Make the Data Availability Header just available

nashqueue · October 8, 2024, 1:26pm

Motivation:

In a previous post, we discussed that we cannot reduce the size of the data availability header (DAH) without increasing the fraud proof size. The conclusion was that the data availability header has to be available, but the light node does not necessarily have to download the DAH.

We will look into addressing two bottlenecks that light nodes experience:

Bandwidth usage of syncing headers
Storage of the header

DAHs can be big. If the square size of the original data square is continuously 128 * 128 shares, then the resulting DAH will be 90 * 256 * 2 = 46080 bytes large. In 4 weeks with a 12 second blockime, this would result in 46080×5×60×24×7×4 = 9.3 GB of headers being downloaded and stored for a light node. This doesn’t count the Tendermintheader itself, which can be significant in size.

Make it available

Instead of downloading the DAH, we will just make it available. We do it in the following construction:

Today, we create a Merkle tree over the DAH, resulting in the DataRoot.

In the new construction, we will first erasure code the DAH in one dimension. We will build the binary Merkle tree on the new points generated.

The new construction will look like the diagram above. You could build a tree over the [Rows|Cols|ECs] as is, but that would require more samples. For once, the light nodes would not sample the parity data naturally as the parity data does not commit to anything. Additionally, the sampling protocol only goes over the row roots, which means that only ¼ of the DAH would be sampleable and not the whole range, making it very easy for an attacker to make ½+1 unavailable.
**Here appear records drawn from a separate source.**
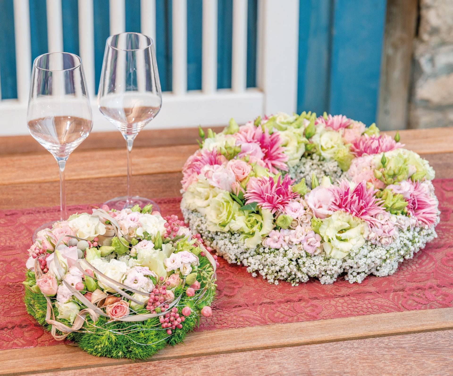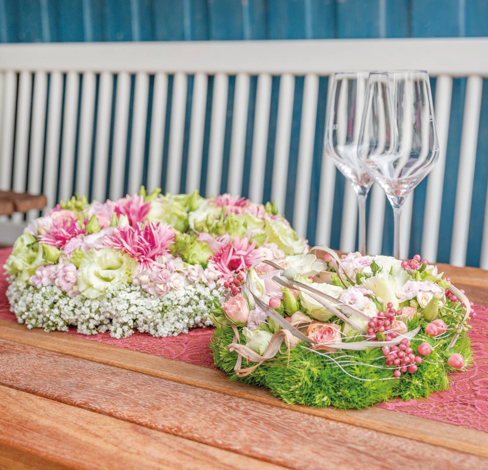 Nass-Steckschaumherz mit Drainage auf stabiler, verrottbarer Holzunterlage, zum Stellen.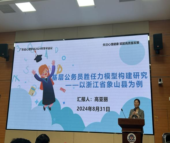 2024年8月31日,广东省心理学会年会在华南师范大学(石牌校区)举行。本次年会以“关注心理健康,赋能高质量发展”为主题,本次年会邀请了国内知名心理学专家作专题报告。yabo鸭脖官网刘耀中教授作为特邀嘉宾主持了主会场的专题报告,深入探讨了心理健康对高质量发展的推动作用。此前,yabo鸭脖官网管理学院郑丽芬、张秀丽、高亚丽和王丽四位老师参与了由刘耀中教授主持的浙江省委组织部重点课题——“浙江省象山县基层公务员胜任力模型构建研究”,该课题由象山县组织部委托,旨在通过科学研究提升基层公务员的工作效能和服务质量。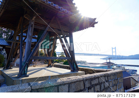下津井観音寺の鐘楼越しの下津井瀬戸大橋1 岡山県倉敷市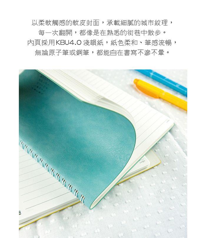 以柔軟觸感的軟皮封面,承載細膩的城市紋理,每一次翻開,都像是在熟悉的街巷間散步。內頁採用 KBU4.0 淺韻紙,紙色柔和、筆感流暢,無論原子筆或鋼筆,都能自在書寫不滲不暈。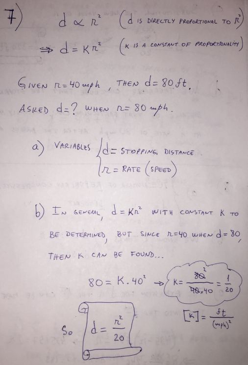 Solve the following problems: 7) The stopping distance, d, of a...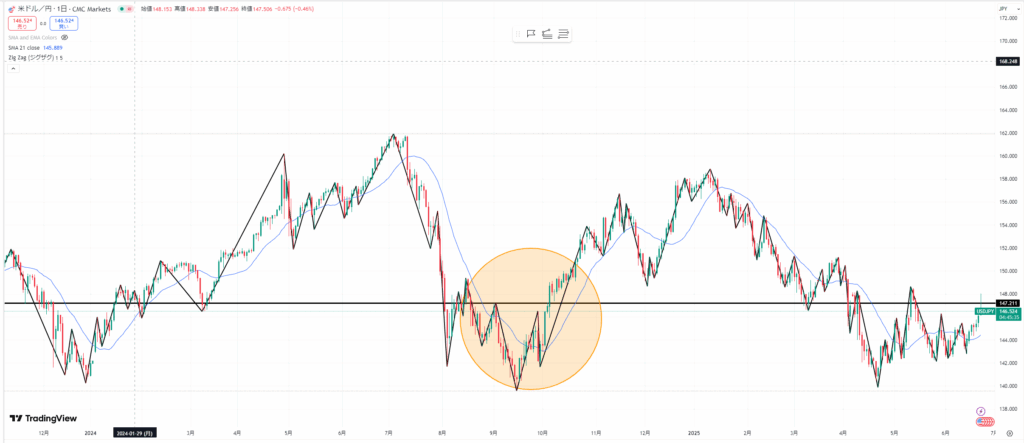 高いところと低いところが同時に上がったり下がったりするタイミングと、移動平均線の向きが変わるタイミングが、ほとんど同じになっているのがわかりますね。

For that reason we merge the different parts of the DAH togther so that every sample contains parts of the whole DAH. In this construction one leaf of the binary merkle tree has one row root, one column root and 2 parity roots.

When we randomly sample a share in the square we will sample it over a row root, which means that we are sampling the DAH and the square at the same time. The current 16-sample default will give us a 1 - 16^(0.5) = 0.99998 probability of the DAH being available.

How does it change the security model?

First, if the erasure coding of the DAH is wrong, we can provide a fraud-proof that it is the wrong encoding by providing half of the nodes from the DAH. This fraud-proof trumps all other fraud proofs, so if there is malicious behavior in other places, this is the only one that has to be provided.

If a data-withholding attack occurs, the full nodes have to reconstruct the square. If they need to construct a BEFP (Bad Encoding Fraud Proof), they might also have to reconstruct the DAH. Therefore, there should be a protocol similar to that for block construction for the DAH. Most likely, they do not have to fetch these explicitly but can reconstruct the DAH while fetching samples for the square.

Now let’s assume that we have the case that was described in this post , which is, in short, a scenario where 2 rows and columns are not sampleable. For simplicity, let’s take the above diagram and say that COL2/COL3 and ROW2/ROW3 cannot be sampled. Now, there was some bad erasure coding beneath ROW3. As ROW3 cannot be sampled, we cannot guarantee a fraud proof size of sqrt(n) of the square as we would need a bigger preimage to compare against.

Now, we can use the sampled DAH to reconstruct it so that the worst-case fraud-proof size turns into DAH + 1 row. Previously, the majority of light nodes would be fooled if a constant number of rows or columns were hidden. With the DAH being erasure coded, the majority will not be fooled, and we can guarantee the fraud-proof size upper bound.

Square size is now an unknown

Some logic in the light node is dependent on the square size.

Without the DAH, how could we derive the square’s size as a light node? We can get the square’s size with the first sample. The first sample gives us a proof to a node in the DAH and a share in the square. We can derive the size from both. We can assume this is correct and reject anything that does not follow that size.

Next, we must figure out how to sample without having the size. In the next version of data availability sampling, the request will happen against an index. This means that a square size will be required.

A light node should sample randomly against the maximum square size. To maintain the randomness property, a full node can provide samples modulo the requested index. One might observe a collision in the samples, where two samples in the big square hit the same sample in the smaller one. It is a requirement that the samples are non-repeating. After the first sample is received, the light node knows the square size, which means it can adjust the sampling index when collisions happen.

If the light node does not sample before a query occurs, any proof to the DataRoot will reveal the size of the square, and it can be initialized that way as well.

Another option would be to commit the square size inside the tendermint header. That would reduce the complexity of the methods mentioned above and would be a less breaking change to the celestia-node software and instead a consensus-breaking change celestia-app.

Requirments Equilibrium

In this table, we show how much light nodes have to download in bytes given both constructions. This includes the samples themselves, the DAH, and the inclusion proofs to the samples but excludes the tendermint header:

The table shows that after an average EDS of 32*32, switching to the new construction for light nodes would be beneficial.

Shoutout

Thank you, @walldiss, for the discussions that led to this construction and @adlerjohn, for the review. Further reading is Coded Merkle Tree: Solving Data Availability Attacks in Blockchains which follows a similar idea.